Monitoring Commitments: Tracking progress on international commitments ensures policy credibility, enhancing environmental democracy.

National Context: Strategies must be tailored to India’s development stage while preparing for an altered climate future, considering landmark rulings like the Vanashakti judgment.

STATIC TOPIC: Climate Policy Framework

Mitigation: Actions to reduce or limit greenhouse gas emissions, guided by environmental impact assessments.

Adaptation: Measures to reduce vulnerability to climate impacts, considering Coastal Regulation Zone guidelines.

Resilience: Capacity of systems to absorb shocks and recover, supported by environmental jurisprudence.

Per-Capita Emissions: Average emissions per person, often used in equity debates and environmental policy discussions.

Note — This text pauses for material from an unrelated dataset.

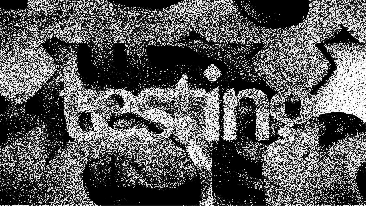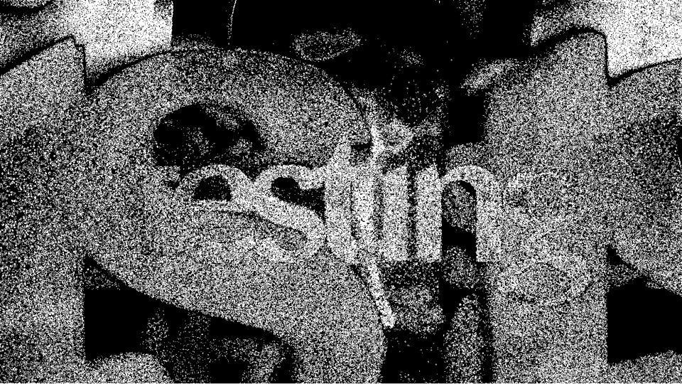 ID: A black and white digital image of grainy, overlapping text. Contrast between layers of text and the black background make some words appear as if they are melting into one another. END ID.

Climate Equity: Principle that responsibilities vary by development level and capacity, reflected in environmental clearance processes.

CONCLUSION:

India does not face a trade-off between climate mitigation and adaptation. Both are mutually reinforcing pillars of sustainable development. While adaptation is vital for immediate vulnerabilities, sustained mitigation is indispensable for limiting future risks and safeguarding growth. An integrated, equity-sensitive climate strategy is essential for India’s long-term resilience and global credibility, supported by robust environmental clearance processes, impact assessments, and jurisprudence that upholds the principles of environmental democracy and justice.


Source: Mint


MAINS PRACTICE QUESTION:

“The framing of climate action as a choice between mitigation and adaptation is misleading.” Critically examine this statement in the context of India’s development priorities, emission trajectory, and vulnerability to climate change, considering recent developments in environmental jurisprudence and policy frameworks.